DNA Isolation – Ostrea lurida DNA for PacBio Sequencing

In an attempt to improve upon the partial genome assembly we received from BGI, we will be sending DNA to the UW PacBio core facility for additional sequencing.

Isolated DNA from mantle tissue from the same Ostrea lurida individual used for the BGI sequencing efforts. Tissue was collected by Brent & Steven on 20150812.

Used the E.Z.N.A. Mollusc Kit (Omega) to isolate DNA from two separate 50mg pieces of mantle tissue according to the manufacturer’s protocol, with the following changes:

  • Samples were homogenized with plastic, disposable pestle in 350μL of ML1 Buffer
  • Incubated homogenate at 60C for 1.5hrs
  • No optional steps were used
  • Performed three rounds of 24:1 chloroform:IAA treatment
  • Eluted each in 50μL of Elution Buffer and pooled into a single sample

Quantified the DNA using the Qubit dsDNA BR Kit (Invitrogen). Used 1μL of DNA sample.

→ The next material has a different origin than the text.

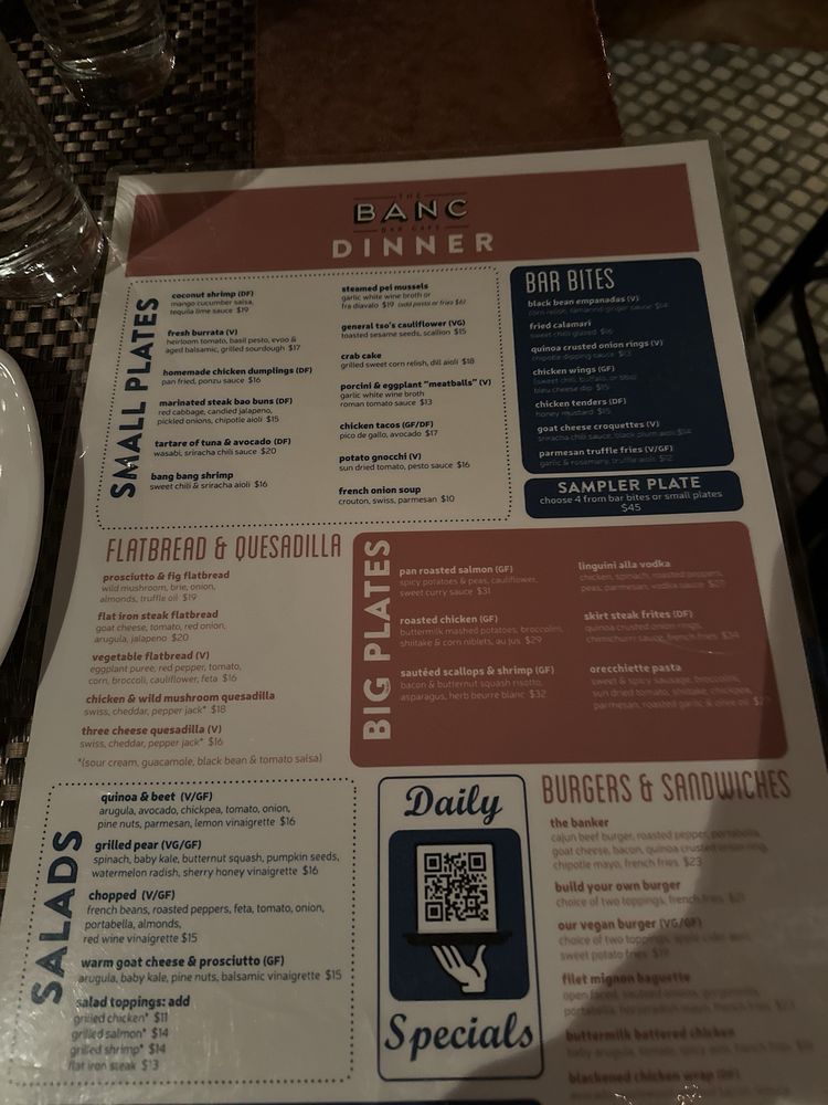 From delectable bar bites like truffle parmesan fries to standout dishes such as the chicken quesadilla and goat cheese wrap, satisfaction is assured. Banc Cafe also boasts excellent drink specials during happy hour, including half-price bottles of wine.

Concentration = 326ng/μL (Quant data is here [Google Sheet]: 20161214_gDNA_Olurida_qubit_quant

Yield is good and we have more than enough (~5μg is required for sequencing) to proceed with sequencing.

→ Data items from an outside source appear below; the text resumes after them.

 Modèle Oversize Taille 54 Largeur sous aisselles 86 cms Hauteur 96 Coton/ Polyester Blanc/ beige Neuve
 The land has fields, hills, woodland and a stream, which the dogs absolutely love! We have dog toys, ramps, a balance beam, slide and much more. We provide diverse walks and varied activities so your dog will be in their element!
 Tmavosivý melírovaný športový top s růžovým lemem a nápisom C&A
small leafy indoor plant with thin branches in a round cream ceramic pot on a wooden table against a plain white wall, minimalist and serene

Evaluated gDNA quality (i.e. integrity) by running ~500ng (1.5μL) of sample on 0.8% agarose, low-TAE gel stained with ethidium bromide.

Used 5μL of O’GeneRuler DNA Ladder Mix (ThermoFisher).

Results:

 

 

Overall, the gel looks OK. A fair amount of smearing, but a strong, high molecular weight band is present. The intensity of the smearing is likely due to the fact that the gel is overloaded for this particular well size. If I had used a broader comb and/or loaded less DNA, the band would be more defined and the smearing would be less prominent.

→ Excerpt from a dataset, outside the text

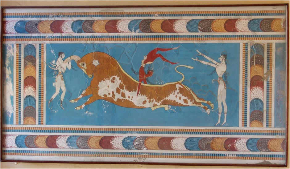 Scholars still debate the origins of the original inhabitants of Crete. The earliest evidence of human occupation of the island dates to around 7000 B.C., in Neolithic farming and fishing villages. Genetic evidence suggests that these earliest inhabitants probably came from Anatolia (modern-day Turkey) or the eastern Mediterranean coast, and Greece, though they were not Indo-European speakers. By about 2700 B.C. the Cretans were using bronze and establishing larger and larger population centers. By about 1900 B.C. they had established a strong and prosperous Bronze Age civilization based on great palace complexes, the most famous of which was at Knossos. Historians have named the civilization Minoan, after King Minos of later Greek mythology, who may or may not have actually existed. According to Greek legend, the son of King Minos, the half-human, half-bull Minotaur, lived in a labyrinth on the island of Crete. There he devoured sacrificial victims provided by the subject city-state of Athens on the Greek mainland. Minoan palaces with their many bedrooms, bathrooms, kitchens, storerooms, audience halls, corridors, stairways, and multiple stories might easily be described as a labyrinth.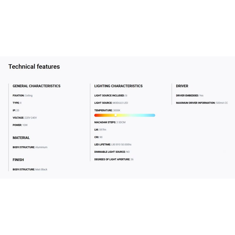 Putere | 10Watt modul LED incorporat, 597LM, 3000K, CRI 90 + driver inclus din pret |

Will submit sample to the UW PacBio facility tomorrow!

Data Managment – Trim Output Cells from Jupyter Notebook

Last week I downloaded the final BGI data files and assemblies for Olympia oyster and geoduck genome sequencing projects. However, the output from the download command made the Jupyter Notebook files too large to view and/or upload to GitHub. So, I had to trim the output cells from that notebook in order to render it usable/viewable.

The notebook below details how I did that and also examines the original version of that jumbo notebook to give some idea of what the command outputs were, for posterity.

Jupyter Notebook: 20161214_docker_notebook_trimming.ipynb

Data Management – Download Final BGI Genome & Assembly Files

We received info to download the final data and genome assembly files for geoduck and Olympia oyster from BGI.

In total, the downloads took a little over three days to complete!

The notebook detailing how the files were downloaded is below, but it should be noted that I had to strip the output cells because the output from the download command made the file too large to upload to GitHub, and the size of the notebook file would constantly crash the browser/computer that it was opened in. So, the notebook below is here for posterity.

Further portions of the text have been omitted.